The only way that I know 2 controller have been used on a single motor involve splitting the field. In many series wound motors the 4 field windings are wired in series/parallel. By adding a 5th terminal to the motor you can run one controller through 2 field windings in series and then through the armature and back to first controller. The second controller runs through the other 2 field windings in series and through the armature and back to the second controller. The controllers are connected to each other where they are connected to the armature. The split fields are the inductors that allow the controllers to each regulate current without interfering with each other. I'm sure this is deep into warrantee void land.


----------



## Qer (May 7, 2008)

efan said:


> 2 DC controllers and one motor is possible, I know because I've seen it done (http://www.ohler.com/ev/spyder/history.html)...but I do not know what exactly it takes to make it work...and I am pretty sure you will have easier time just getting a more powerful controller


We considered making it possible to sync Solitons for more absurd current levels (yes, they have to be synced to make it reliable) but it turned out to be so complicated (especially if you want it to be fail safe too...) so we skipped it for a more traditional design; ie the Shiva.



EVfun said:


> The only way that I know 2 controller have been used on a single motor involve splitting the field. In many series wound motors the 4 field windings are wired in series/parallel.
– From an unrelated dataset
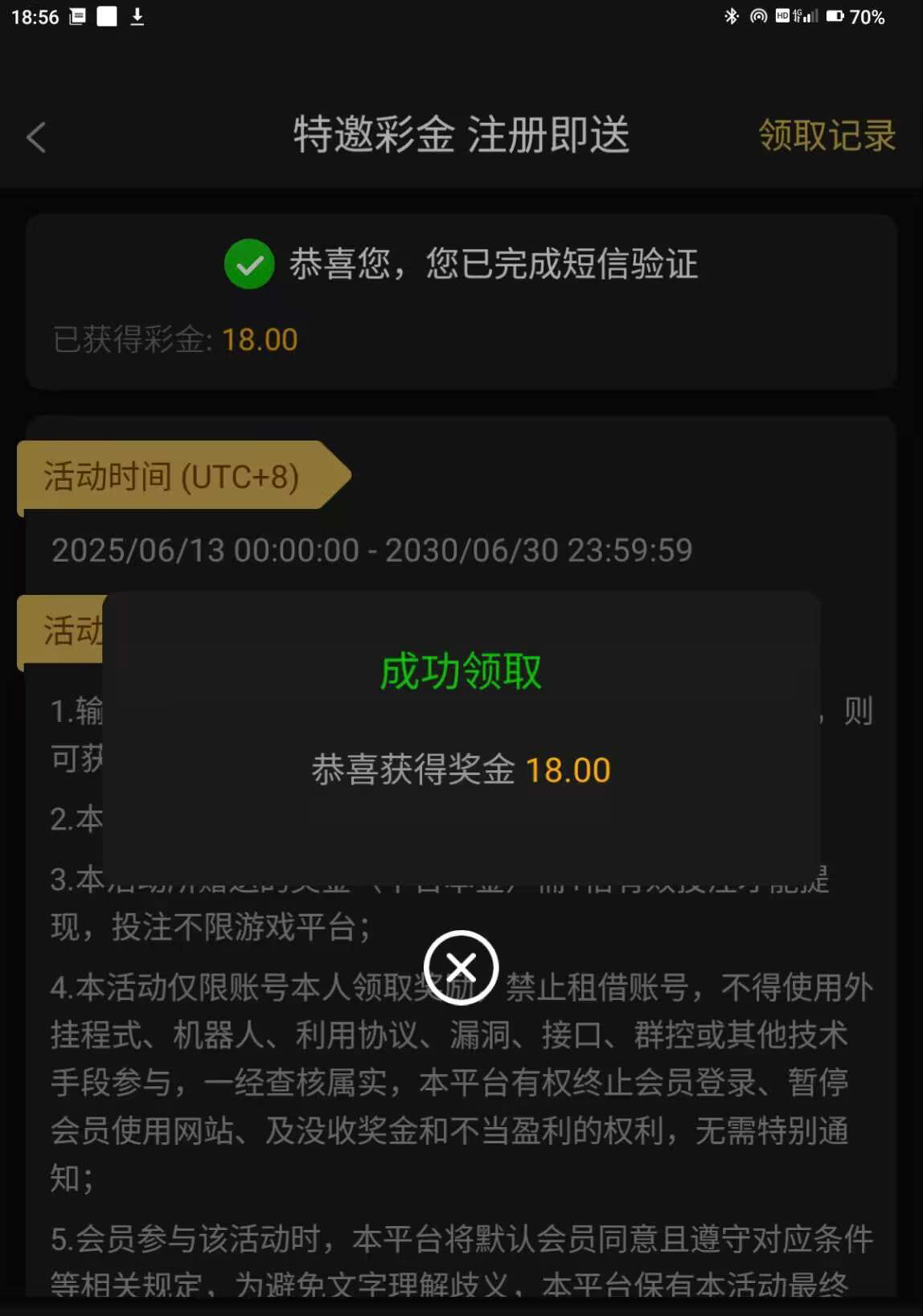 短信特邀彩金

Or you could buy one of the Kostovs where this is already done. 

http://kostov-motors.com/tractionmo...c)/seriesdcmotorsforelectricvehicles/k11250v/

However, since most of the voltage is over the armature the two controllers will probably still "see" each other despite powering two fields and thus probably have to be synchronized anyway, which kinda takes the point out of it.

I think I agree with efan here; a more powerful controller is easier. Or, if you have a high voltage controller, you could go for two motors in series with a low current controller and go for a pack voltage that's twice the suitable motor voltage.
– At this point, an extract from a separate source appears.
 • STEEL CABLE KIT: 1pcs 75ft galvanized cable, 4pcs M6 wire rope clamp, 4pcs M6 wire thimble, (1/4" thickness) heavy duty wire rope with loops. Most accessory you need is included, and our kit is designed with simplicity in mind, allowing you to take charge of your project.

That'd work too, although it's probably also not a cheap solution.


----------



## mechman600 (Oct 16, 2010)

EVfun said:


> The field is only a few volts even at full current. The overwhelming majority of the voltage is across the armature. Field power is only a few percent of the total motor power.


That's exactly what Ryland on Ecomodder.com found when he checked voltage drops for me when I had this idea. He hooked up a 12V battery to a small GE series wound motor and found the armature had a 11V drop across it and the field only had a 1V drop, or something to that effect. I wonder if is because of some weird back-EMF effect affecting the balance between the stator and field voltage drops. Or maybe they are quite simply different sized resistors.


----------



## major (Apr 4, 2008)

mechman600 said:


> That's exactly what Ryland on Ecomodder.com found when he checked voltage drops for me when I had this idea. He hooked up a 12V battery to a small GE series wound motor and found the armature had a 11V drop across it and the field only had a 1V drop, or something to that effect. I wonder if is because of some weird back-EMF effect affecting the balance between the stator and field voltage drops. Or maybe they are quite simply different sized resistors.
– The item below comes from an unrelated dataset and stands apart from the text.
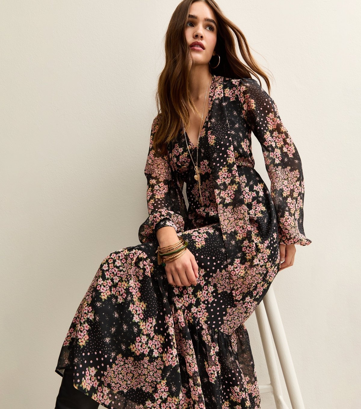 The New Look Black Floral Print Chiffon Midi Dress is made from chiffon.

It is not weird, it is normal. At 12V no load with the armature spinning I would expect just a fraction of a volt across the field and nearly all of the 12V across the armature. 

The simplified equivalent circuit for the series wound motor consists of the field resistance, armature resistance and voltage source (back EMF). Although the armature and field resistance may be approximately equal the voltage drop across each is small compared to the back EMF when the motor is rotating at speed. And the sum of the armature resistance voltage drop and back EMF is what can be measured on the armature terminals on the motor. 

It is a fallacy to think that motor power is split equally between the armature and field. The only time that would be close to being true is at stall meaning zero RPM because there is no back EMF at zero RPM.

Regards,

major


----------



## mechman600 (Oct 16, 2010)

Crystal clear now. Thanks!


----------